Every line of the data should be written out exactly, with the pictures left out.

Supplied material:
----------

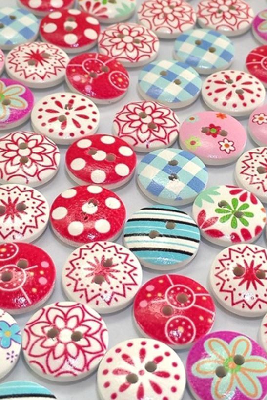 1.5cm random mixed wooden buttons. Sold in packs of six.
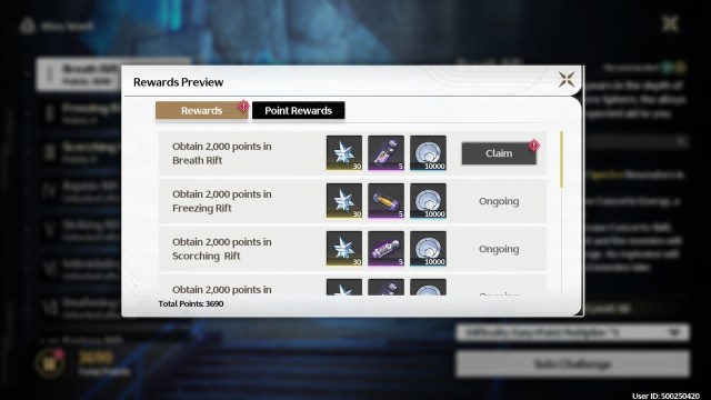 獲得したポイントに応じて、アストライト、expマテリアルなどの報酬を獲得できますシェルクレジット。必要があるリフトごとに少なくとも2,000ポイントを獲得します報酬の最初のバッチを獲得するため。ただし、2番目の報酬タブをチェックすると、イベント中に合計で積み上げたポイント数に応じて、さらに多くの報酬を獲得できます。
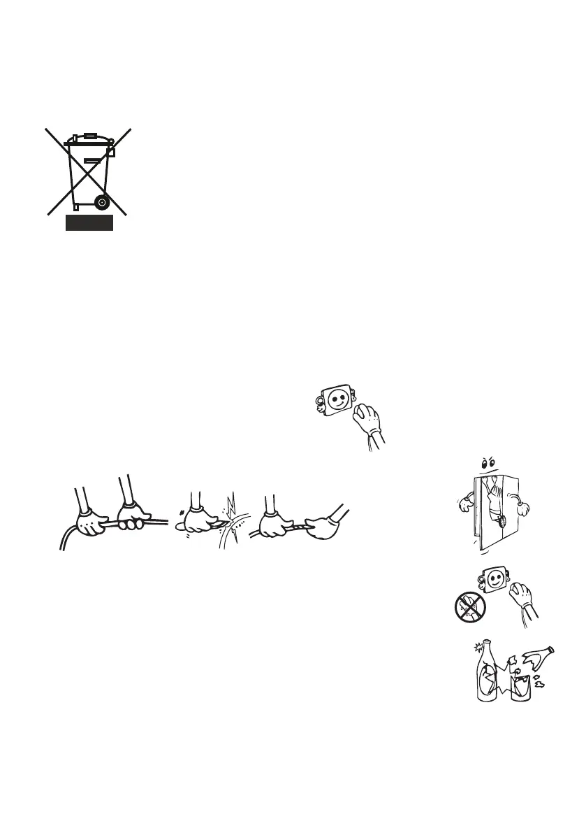 • Ikke plug-inn eller ut pluggen fra stikkontakten med våte hender for

----------

Response to the exercise:
 1.5cm random mixed wooden buttons. Sold in packs of six.
 獲得したポイントに応じて、アストライト、expマテリアルなどの報酬を獲得できますシェルクレジット。必要があるリフトごとに少なくとも2,000ポイントを獲得します報酬の最初のバッチを獲得するため。ただし、2番目の報酬タブをチェックすると、イベント中に合計で積み上げたポイント数に応じて、さらに多くの報酬を獲得できます。
 • Ikke plug-inn eller ut pluggen fra stikkontakten med våte hender for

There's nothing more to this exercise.